At the Windows 10 yesterday, Microsoft had a lot to talk about -- not least that Windows 10 itself will be free.

But Windows 10 is all about the details, and on top of the likes of Cortana and the new notification center, Corporate Vice President of Operating Systems at Microsoft, Joe Belfiore, also revealed Spartan, the web browser that will replace Internet Explorer in Windows 10.

That's not to say that Internet Explorer is dead and buried. You'll still find the famous blue e icon waiting to be clicked if you want, but Spartan will be the new default browser.

So what does Spartan have to offer that will act as a lure away from Chrome and Firefox? To kick things off, there's Cortana support.

In fact Cortana is not just supported, but integrated into Spartan. As you type within the web browser, the digital assistant is on the lookout for key words and phrases so it (or she if you insist) can chime in with helpful information. Think weather, directions, travel data, restaurant information and so on.
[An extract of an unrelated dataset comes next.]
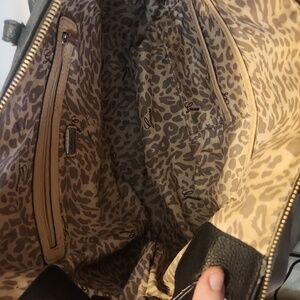 Elevate your style with this elegant black quilted bag from GUESS. Perfect for any occasion, this bag combines fashion and functionality. wear on the straps. small stain on inside pocket. 2 tassles.

There are lots of interesting new features for users to enjoy, including page annotations. Without the need for plugins or extra software, using Spartan you can draw on a website, add comments and share them with others.

OneNote syncing makes this a useful tool for research and collaboration.

The likes of Pocket and ReadItLater have proved incredibly popular in recent years, but Spartan goes one better by including a built in reader tool. This can be used to save articles to read later, and the list will be synchronised between devices, including Windows Phone handsets.

While there is a new build of Windows 10 promised for the coming week, it will be a little while until we are able to officially get our hands on Spartan.

Belfiore says that it will be made available in the coming months and new features will continue to be added. At this stage we don’t know if the project name of Spartan will stick, or if there will be a new moniker.